AN ALTERNATIVE EXPLANATION FOR LANGUAGE LEARNING
As outlined earlier, Popper pointed out that (objective) knowledge can be attained by postulating testable hypotheses using strict universal statements. These hypotheses, in order for them to be useful, and in order to maximise its truth-value, ought to make bold and risky predictions. This epistemological stance can be applied when trying to explain how children acquire language. Fromkin and Rodman’s Introduction to Language say that “children seem to form the simplest and most general rule they can from the language input they receive, and to be so ‘pleased’ with their ‘theory’ that they use the rule wherever they can”. The child has a kind of predisposition to put forth all kinds of conjectures and (rudimentary) hypotheses, which will either turn out to be false, or not. Through trial and error, the child decides which is which.
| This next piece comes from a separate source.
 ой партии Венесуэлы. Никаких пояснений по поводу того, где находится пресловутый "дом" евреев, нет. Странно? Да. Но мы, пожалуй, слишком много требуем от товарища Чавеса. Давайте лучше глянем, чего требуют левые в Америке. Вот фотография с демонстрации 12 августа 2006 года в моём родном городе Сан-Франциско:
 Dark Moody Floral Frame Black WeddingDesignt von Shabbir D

That is, the child begins with no reliable knowledge, but builds up a grammar “by formulating and testing a series of fallible conjectures, choosing between alternative hypotheses compatible with his data by reference to general methodological criteria (notably, strength and simplicity)”. The conjectures that are not falsified are retained and these provide the foundation for further epistemological advances. Sampson theorises that we have an innate ability to reason like this, but this kind of innate reasoning has nothing to do with Chomskyan nativism. Obviously, there must be innateness of some kind in the human brain, as even an extreme empiricist like John Locke says, but it is certainly not as detailed and precise as Chomsky claims it to be.
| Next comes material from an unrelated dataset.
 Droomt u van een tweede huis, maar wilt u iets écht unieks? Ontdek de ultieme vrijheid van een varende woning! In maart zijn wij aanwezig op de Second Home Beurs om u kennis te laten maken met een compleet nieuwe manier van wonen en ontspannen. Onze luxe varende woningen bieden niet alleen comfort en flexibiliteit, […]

The fact that the child starts off with no reliable knowledge does not mean that he learns based on a tabula rasa. It means only that his [rudimentary] hypotheses are tentative and subject to empirical testing. As mentioned earlier, even modern-day behaviourists agree that for learning to take place, at least some innate endowment is needed. To repeat a point made earlier, Chomsky admitted back in 1976 that “every learning theory that is even worth considering incorporates an innateness hypothesis”, and later on that same page, that “the question is not whether learning presupposes innate structure – of course it does; that has never been in doubt – but rather what these innate structures are in particular domains”. My contention is exactly that: how much is innate; certainly not as much as Chomsky claims.